To participate in this conference call, dial (833) 366-1125 or
(412) 902-6738 shortly before 3:00 p.m.
ET/noon PT and ask the
operator to join the call for Alexandria Real Estate Equities, Inc.
The audio webcast can be accessed at www.are.com in the "For
Investors" section. A replay of the call will be available for a
limited time from 5:00 p.m.
ET/2:00 p.m. PT on Tuesday,
July 26, 2022. The replay number is (877) 344-7529 or (412)
317-0088, and the access code is 7939670.
Additionally, a copy of this Earnings Press Release and
Supplemental Information for the second quarter ended June 30,
2022 is available in the "For Investors" section of our website at
www.are.com or by following this link:
https://www.are.com/fs/2022q2.pdf.
For any questions, please contact Joel
S. Marcus, executive chairman and founder; Peter M. Moglia, co-chief executive officer and
co-chief investment officer; Stephen A.
Richardson, co-chief executive officer; Dean A. Shigenaga, president and chief financial
officer; Paula Schwartz, managing
director of Rx Communications Group, at (917) 633-7790; or
Sara M. Kabakoff, vice president –
communications, at (626) 578-0777.
About the Company
Alexandria Real Estate Equities, Inc. (NYSE:ARE), an S&P
500® urban office real estate investment trust ("REIT"),
is the first, longest-tenured, and pioneering owner, operator, and
developer uniquely focused on collaborative life science, agtech,
and technology campuses in AAA innovation cluster locations, with a
total market capitalization of $33.7
billion and an asset base in North
America of 74.1 million square feet ("SF") as of
June 30, 2022. The asset base in North America includes 41.1 million RSF of
operating properties and 5.9 million RSF of Class A properties
undergoing construction, 9.9 million RSF of near-term and
intermediate-term development and redevelopment projects, and 17.2
million SF of future development projects. Founded in 1994,
Alexandria pioneered this niche
and has since established a significant market presence in key
locations, including Greater
Boston, the San Francisco Bay
Area, New York City,
San Diego, Seattle, Maryland, and Research Triangle. Alexandria has a longstanding and proven track
record of developing Class A properties clustered in urban life
science, agtech, and technology campuses that provide our
innovative tenants with highly dynamic and collaborative
environments that enhance their ability to successfully recruit and
retain world-class talent and inspire productivity, efficiency,
creativity, and success. Alexandria also provides strategic capital to
transformative life science, agtech, and technology companies
through our venture capital platform. We believe our unique
business model and diligent underwriting ensure a high-quality and
diverse tenant base that results in higher occupancy levels, longer
lease terms, higher rental income, higher returns, and greater
long-term asset value. For additional information on Alexandria, please visit www.are.com.
***********
This document includes "forward-looking statements" within the
meaning of Section 27A of the Securities Act of 1933, as amended,
and Section 21E of the Securities Exchange Act of 1934, as amended.
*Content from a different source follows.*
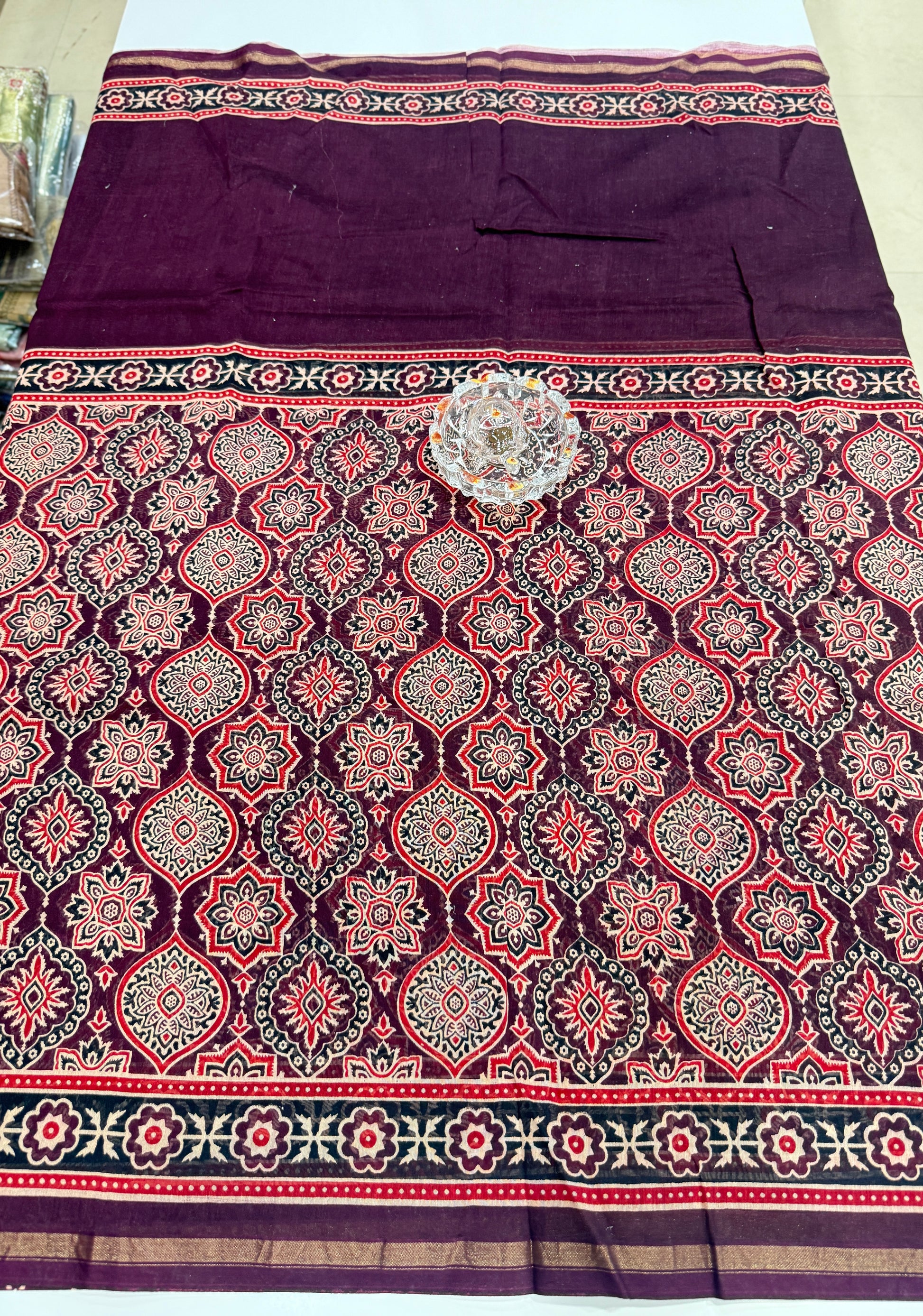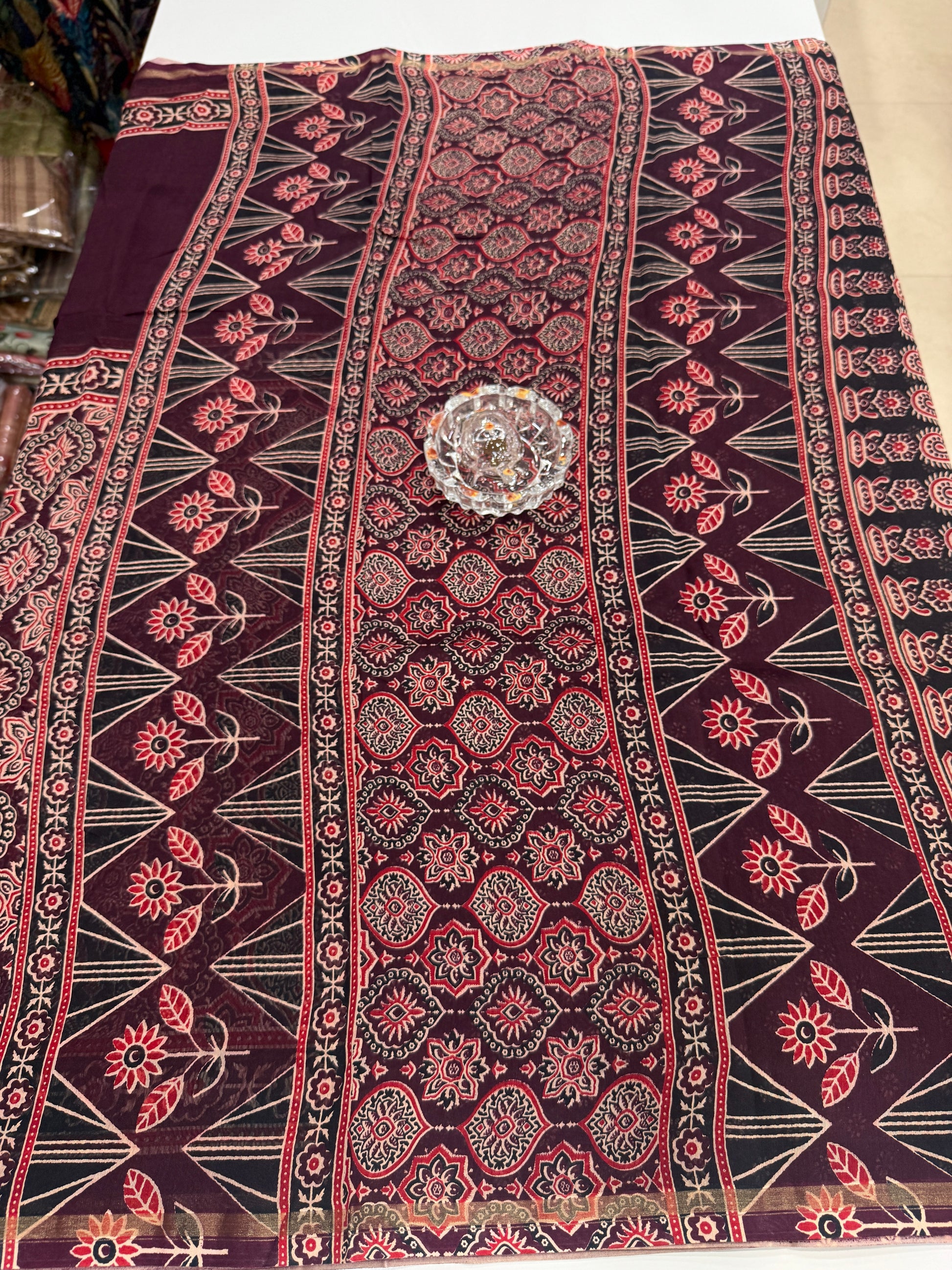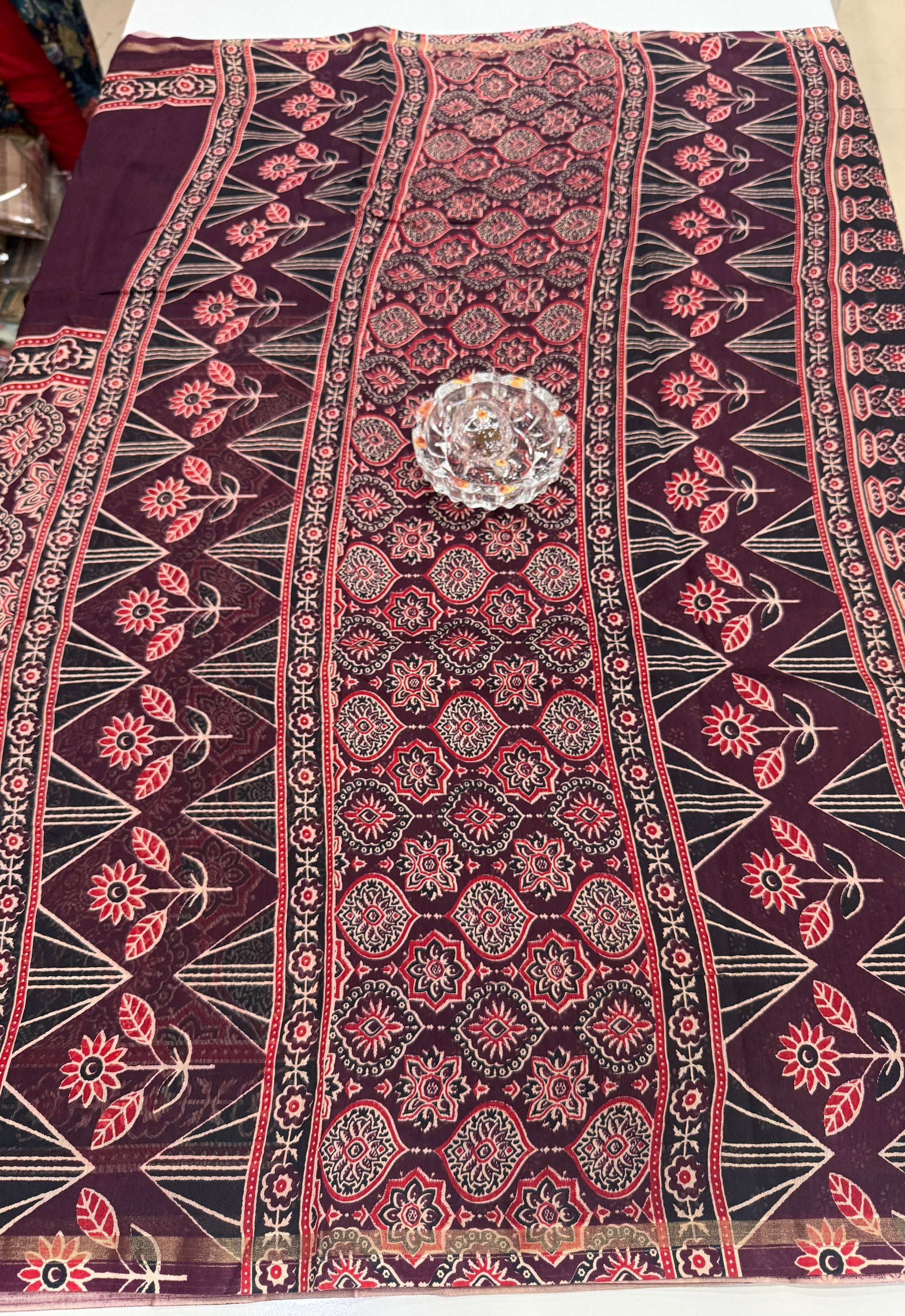 Pure Chanderi Silk Saree with Intricate Handblock Print and Blouse Piece – Traditional Wear for Women

Such forward-looking statements include, without limitation,
statements regarding our 2022 earnings per share attributable to
Alexandria's common stockholders –
diluted, 2022 funds from operations per share attributable to
Alexandria's common stockholders –
diluted, net operating income, and our projected sources and uses
of capital. You can identify the forward-looking statements by
their use of forward-looking words, such as "forecast," "guidance,"
"goals," "projects," "estimates," "anticipates," "believes,"
"expects," "intends," "may," "plans," "seeks," "should," "targets,"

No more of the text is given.